During the year after I graduated from Oberlin College, while I was working for the Office of College Relations, I was able to take one course per semester for free. One of the courses I took was called "Teaching and Tutoring Writing Across the Disciplines." Aside from our own writing and discussion, part of the class consisted of working as a writing tutor for college class (I tutored Paula Richman's "Introduction to Religion").

The primary text for the class, Working with Student Writers: Essays on Tutoring and Teaching, was a collection of essays that had been written by previous students in the class, edited by the instructor,  Len Podis, and his wife, JoAnne Podis.
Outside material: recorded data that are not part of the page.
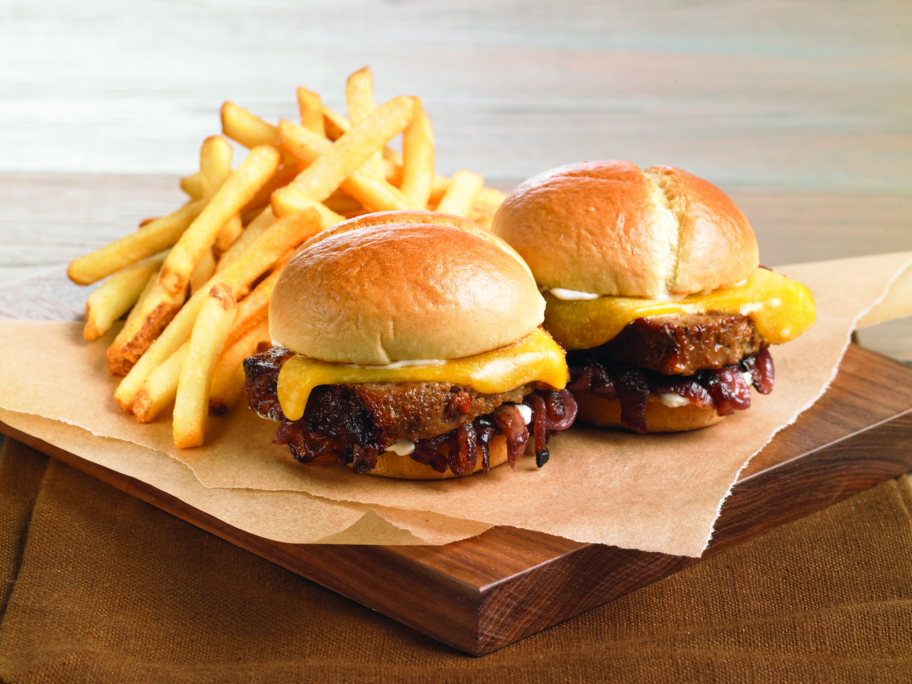 - Meatloaf Sliders – Two sliders stacked with home-style meatloaf, port caramelized onions and sharp cheddar cheese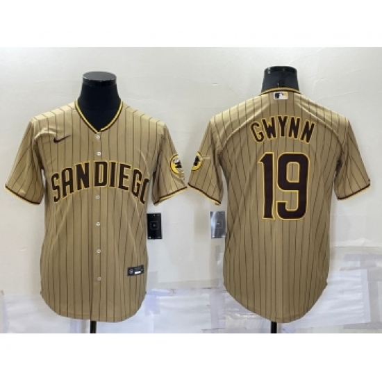 Men's San Diego Padres #19 Tony Gwynn Tan 'For Peter' And Petco Park 20th Limited Stitched Baseball Jersey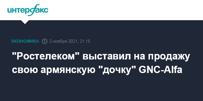 Москва. 2 ноября. INTERFAX.RU - ПАО "Ростелеком" выставило на продажу армянского телеком-оператора GNC-Alfa, заявили "Интерфаксу" в российской компании.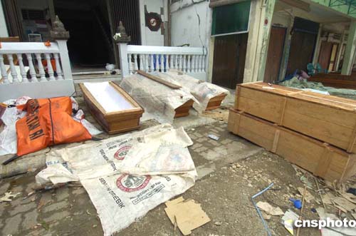 在印度尼西亞尼亞斯島災區,死尸挖掘出來后放在路旁,沒有及時運走,散發惡臭,影響環境衛生。作者:鄧慶樂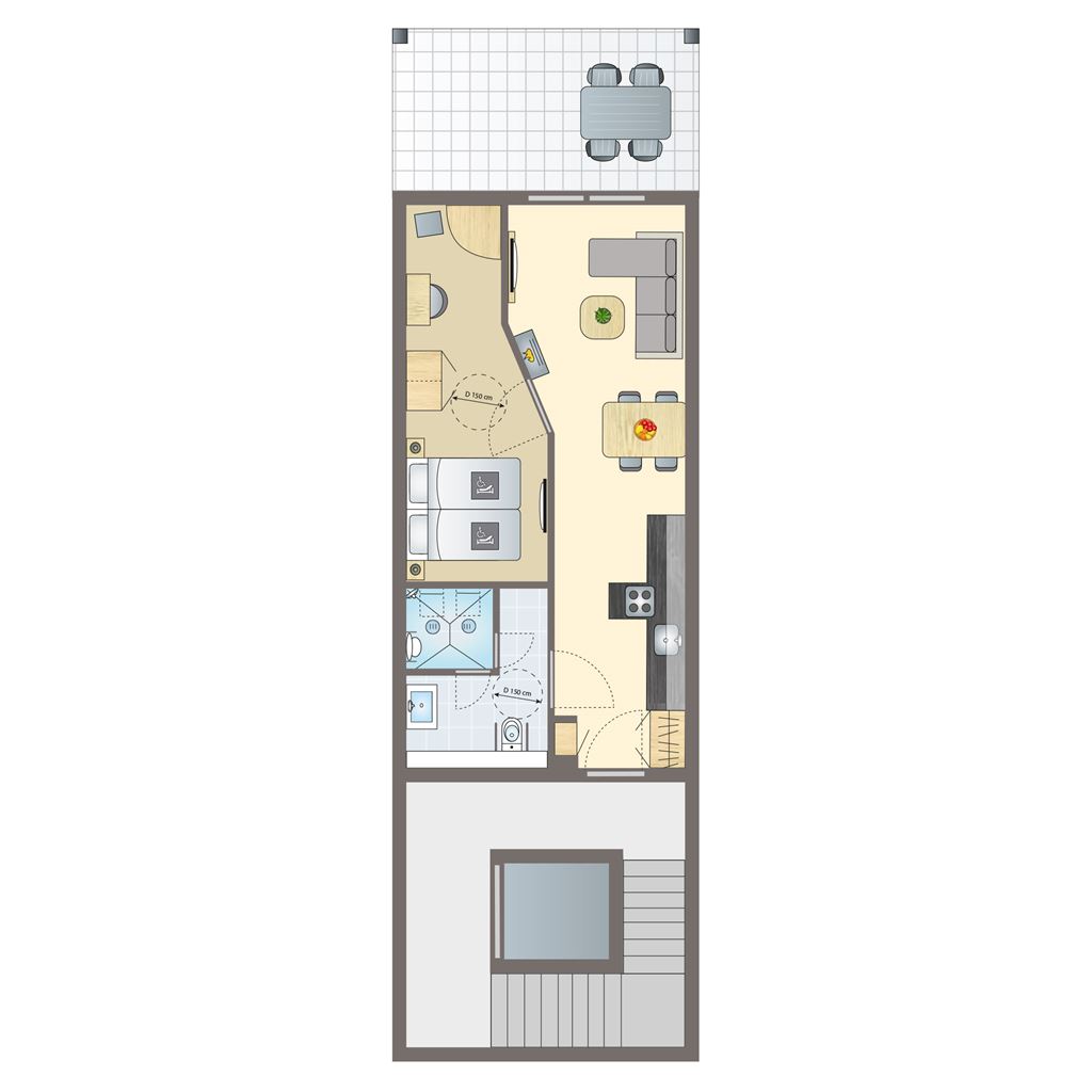 - Angepasstes Badezimmer mit ebenerdiger Doppelregen- und Dampfdusche, Duschsitz mit Armlehnen, Waschbecken mindestens 78 cm hoch und unterfahrbar und WC mit Bügeln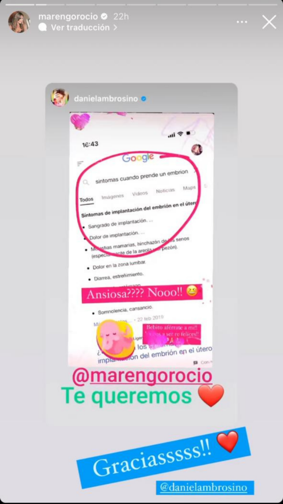 También manifestó en la misma captura de pantalla que desea que su posible bebé se “aferre a ella” y que “serán re felices”.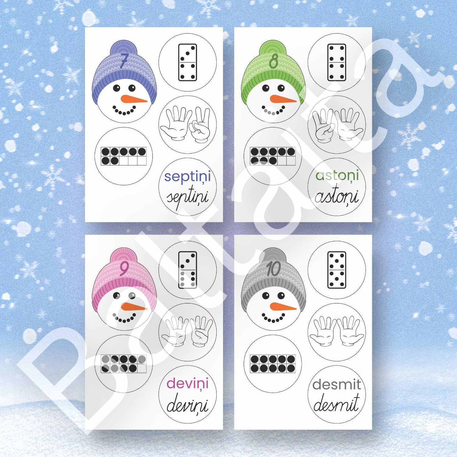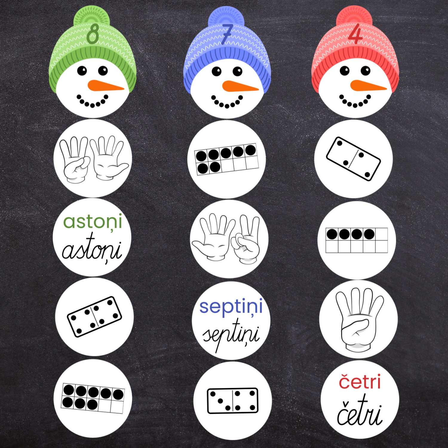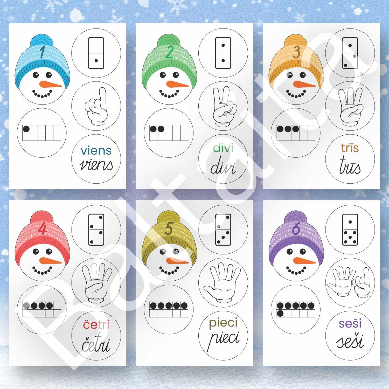 Katrs sniegavīrs sagatavojams izgriežot un darbojoties uzdevums ir salikt pareizos sniegavīra elementus tā, lai tie atbilst noteiktajam skaitlim.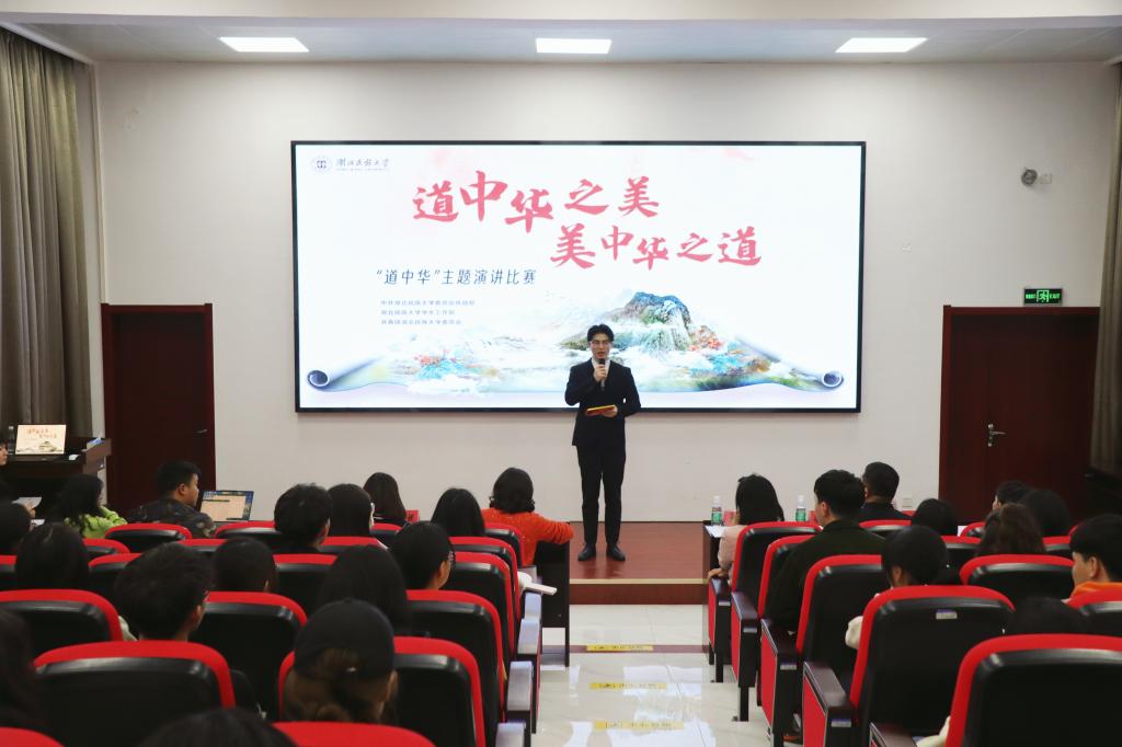 4月3日晚,Beat365在外国语学院6402教室成功举办以“道中华之美,美中华之道”为主题的大学生演讲比赛。校团委书记吴珊,党委统战部副部长陈妍,学工处副处长徐杰,民族事务办公室谭俊妮、努尔比亚木受邀出席并担任评委。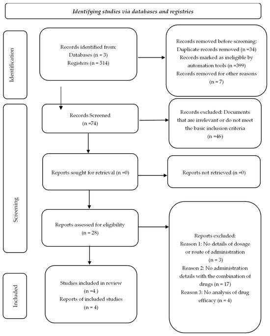 The flow chart illustrating the process of searching for and selecting studies is presented in Figure 1 and Figure S1. Finally, four studies were selected that, although initially classified as controlled clinical trials (RCTs), corresponded to the case reports, highlighting the importance of a thorough systematic review.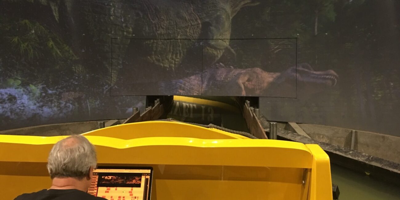 Lastly, our sound designer not only created a custom musical score, but he also had the opportunity to create all of the unique sounds that distinguished the dinosaurs from one another. He dialed in the acoustics for an optimal, immersive 7.1 surround sound experience. The objective was to deliver a stunning, rich, inspired, and enthralling dinosaur encounter that wowed guests in this action-packed environment. Placing riders in the center of the melee, as huge T-rexes roared at them, added a hair-raising dimension to this adrenaline-filled experience.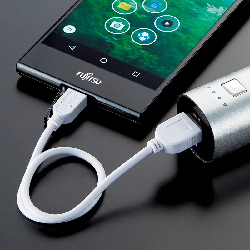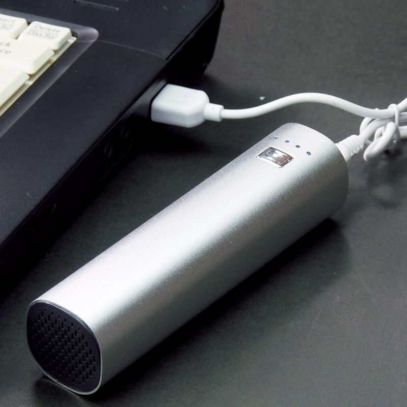 スマホ対応の大容量4000mAhの充電器、コード不要で音楽が楽しめるブルートゥーススピーカー、LEDライトの3ウェイに使えるマルチ充電器です。電池残量をランプで表示します。

I still have my copy, filled with the enthusiastic scribblings of my 22-year-old self, who could imagine no other path than going on to graduate school and eventually becoming a professor himself.

Now, just over ten years later, Peter Lang Publishing has released a second edition of Working with Student Writers featuring the essay I wrote for that class: "The Hero With a Thousand Voices: The Relationship Between the Narrative and Academic Styles." The book is also available on Amazon. In the essay, I attempted to mediate the tension so many young writers encounter between the academic discourse community they're suddenly expected to inhabit and the narrative discourse that they've been consuming and producing their entire lives; I did so by highlighting the commonalities between the two forms of narrative and academic writing, and by reframing the writing process itself as a narrative.

It's actually a lot more entertaining than it sounds, I swear.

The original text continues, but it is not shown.